Although the MTQ-18 performs less well psychometrically than the MTQ-10, this study indicates that the scale is an acceptable, but less parsimonious, measure of global mental toughness. This outcome is reassuring for studies that have used the MTQ-18 to measure global levels of mental toughness (see Table 1). The MTQ-18 and MTQ-10 were highly correlated with each other. In this context, previous work on the MTQ-48 provides a wealth of background evidence that supports the assertion that the MTQ-18 is valid to the extent that it adequately indexes mental toughness as defined by Clough and colleagues. In summary, conceptual disagreements concerning the precise nature of mental toughness are beyond the scope of the present paper, but theoretically important to note (see recent reviews by Gucciardi, 2017 and Lin et al., 2017).
In terms of performance with an established mental toughness criterion, life satisfaction, both the MTQ-18 and MTQ-10 performed similarly to the MTQ-48. The present study observed correlations between both brief measures and Life Satisfaction in the large range (MTQ-18, r = 0.52; MTQ-10, r = 0.53). These relationships were comparable to those reported by Crust and Clough (2005) (r = 0.56) and Marchant et al. (2009) (r = 0.56). Correlations generally further supported the well-established finding that higher levels of MT are associated with life satisfaction (Gerber et al., 2013a).
The present study used a sample of Year 11 (16 years old) students to facilitate direct comparisons with related studies, who have generally used commensurate participant groups (i.e., older school students, undergraduates, and young adults). This paper found that the short MTQ scales were appropriate measures of global MT within young people (16 year olds). Additionally, the MTQ-18 and MTQ-10 demonstrated gender invariance indicating that there was no difference between males and females. Furthermore, Gerber et al. (2018) found that testing the factor structure of the MTQ-18 resulted in acceptable model fit in young elite athletes (Gerber et al., 2018). Whilst these results were encouraging, further work is required to establish whether this is also true of other populations. This will inform key conceptual concerns, which have hindered the development of MT (i.e., contextual variations and temporal stability).

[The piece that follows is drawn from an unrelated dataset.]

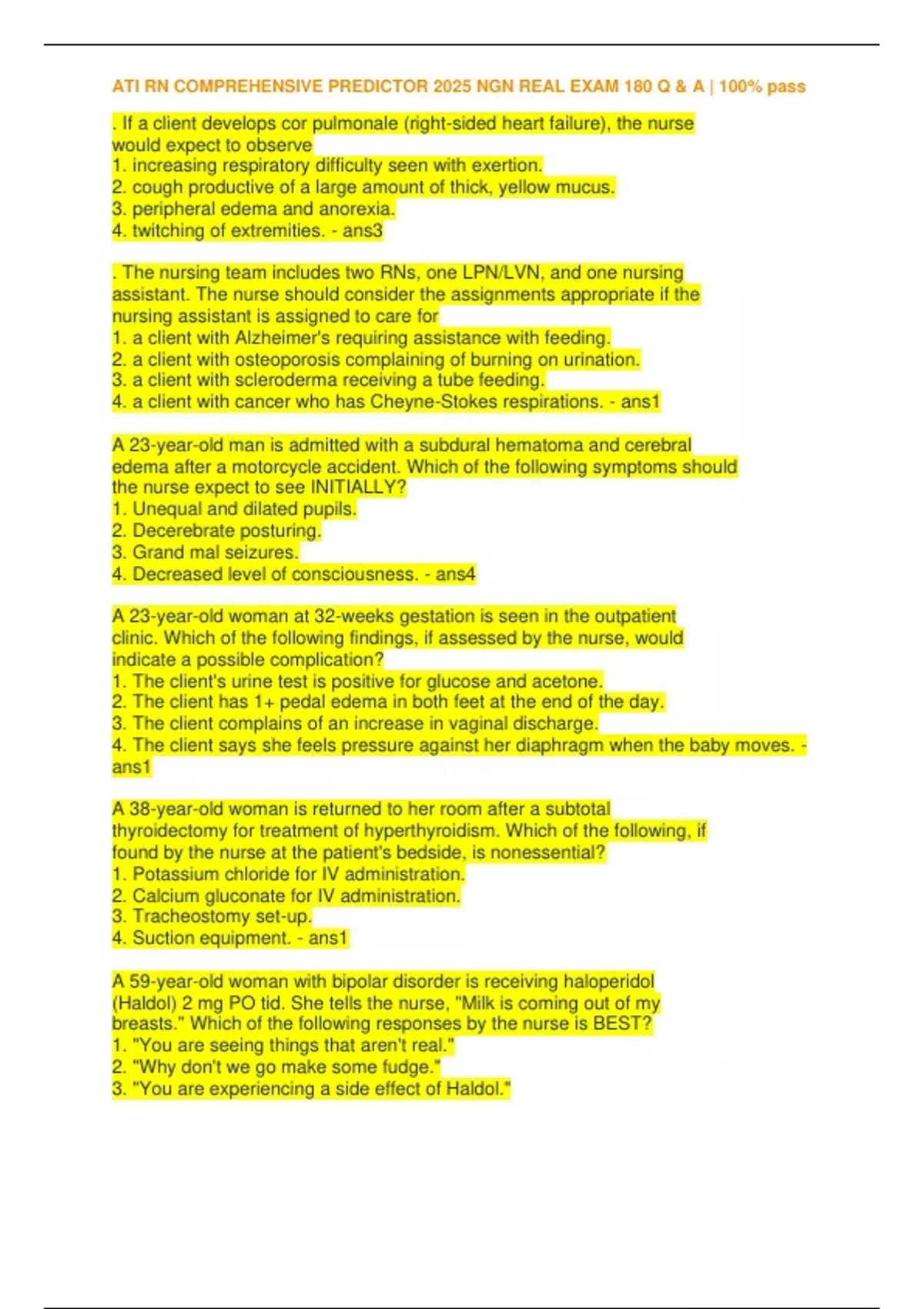 , ATI RN COMPREHENSIVE PREDICTOR 2025 NGN REAL EXAM 180 Q & A | 100% pass

Drawing on the MTQ-48 literature, there is evidence that scale structure varies as a function of contextual variations. Particularly, that the appropriateness of the 4C structure varies as a function of sample. For instance, Birch et al. (2017) observed that the 4Cs model did not apply to student athletes. Similarly, Vaughan et al. (2018) found that the 4-factor model produced poor data fit when applied to elite athletes. Noting these factorial discrepancies, consistent with the concerns of Gucciardi (2018), the authors advocate caution when extrapolating the psychometric properties of the MTQ-18 and MTQ-10. Currently, conclusions should remain within the perimeters of young adult and undergraduate students.

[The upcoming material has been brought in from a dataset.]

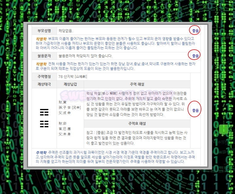 일반적으로 대부분의 이름풀이 무료사이트에는 부모와의 관계가 나오지 않습니다. 하지만 여기서는 서로 좋은 영향을 주는지 확인할 수 있는데요. 저는 좋다고 하네요.

Although the present paper indicates that the two concise measures of MT possess sound psychometric properties, there are important unresolved issues that require further evaluation. One particular concern is temporal stability. Currently, there is only limited evidence to indicate that the MTQ-18 (Crust, 2009) and MTQ-10 (Papageorgiou et al., 2018) possess satisfactory test–retest reliability. It is essential to establish test–rest reliability because this supports the internal validity by demonstrating that measurements obtained by a scale are representative and stable over time. Specifically, the ability to provide consistent scores over time in a stable population (Aaronson et al., 2002).
Establishing that scales possess enduring properties is essential at both measurement and theoretical levels. Knowing the limitations of psychometric tools is vital to appropriate score interpretation. In the case of contextual variations, it is necessary to identify group differences in order to generate appropriate norm groups. Conceptually, examining contextual variations and temporal stability informs the development of MT by offering insights into key theoretical questions. Accordingly, the development of the MTQ-10 will provide valuable insights.

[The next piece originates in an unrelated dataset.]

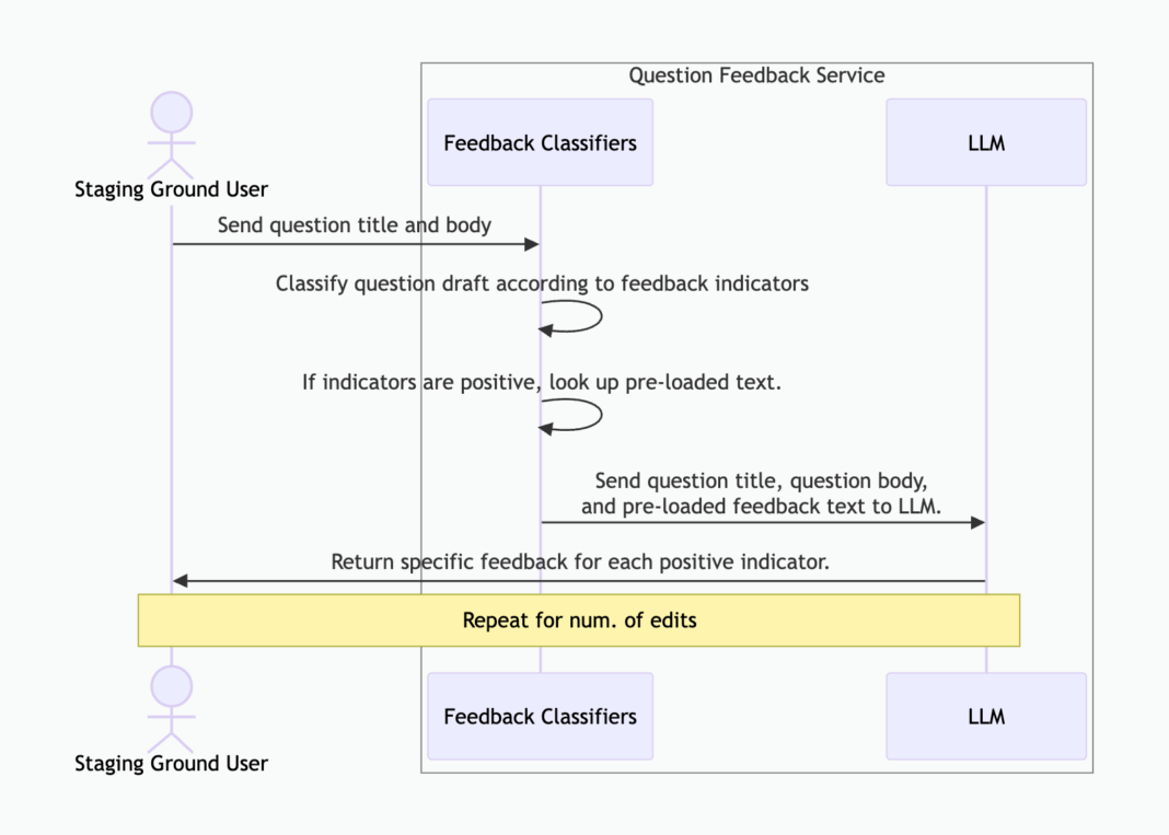 Last year we released Staging Ground to help new question-askers get feedback on their drafts from experienced users in a dedicated space before their question is posted publicly on Stack Overflow. We’ve since seen measurable improvements in the quality of questions posted; however, it still takes time for a question to get human feedback and make it through the full Staging Ground process.

Clough and colleagues (e.g., Crust and Clough, 2005) support the notion that MT is a trait-like dimension (Clough et al., 2012), whereas critics contend that MT lacks stability. Acknowledging this, several MTQ-48-related articles refer to the importance of the role of experiential factors. Principally, the notion that exposure to challenging situations facilitates the development of resources through problem solving (Crust and Clough, 2011; Clough et al., 2016). The MTQ-10 provides a brief, easy to administer measure that lends itself to regular completion. Hence, the MTQ-10 will enable researchers to readily assess temporal stability, investigate the effect of intervening factors (i.e., training), and test MT levels across multiple time points and settings.
Recently, Strycharczyk and Clough (2014) postulated that MT as measured by the MTQ-48 is a ‘plastic’ personality trait (Strycharczyk and Clough, 2014). Plastic in this context signifies that level of mental toughness is malleable. It derives from the observation that MT is ‘trainable’ to the extent that people can learn to adopt non-preferential behaviors. In this context, the short MT measures provide expedient, accessible, and easy to interpret indexes for assessing levels of MT in everyday situations (i.e., sport, educational, and occupational).
Data Availability
The datasets generated for this study are available on request to the corresponding author.
Ethics Statement
The research team gained ethical authorization for the project (The Potential Benefits and Costs of Participation in School Sport: A Cross-Sectional and Longitudinal Study). This study investigated the impact of sports participation on resilience and psychological well-being. Following formal submission, the Director of the Research Institute for Health and Social Change and the Manchester Metropolitan University Faculty of Health, Psychology and Social Care Ethics Committee granted ethical approval.
Author Contributions
ND and AD designed the study. ND was the main author. AD conducted the main analysis and wrote the manuscript. PC and KD organized the data collection and commented on the manuscript drafts. KP provided the specialist advice and performed the editing. AP and KD advised on the manuscript contents.
Funding
The publication fees for this manuscript were provided by the Manchester Metropolitan University.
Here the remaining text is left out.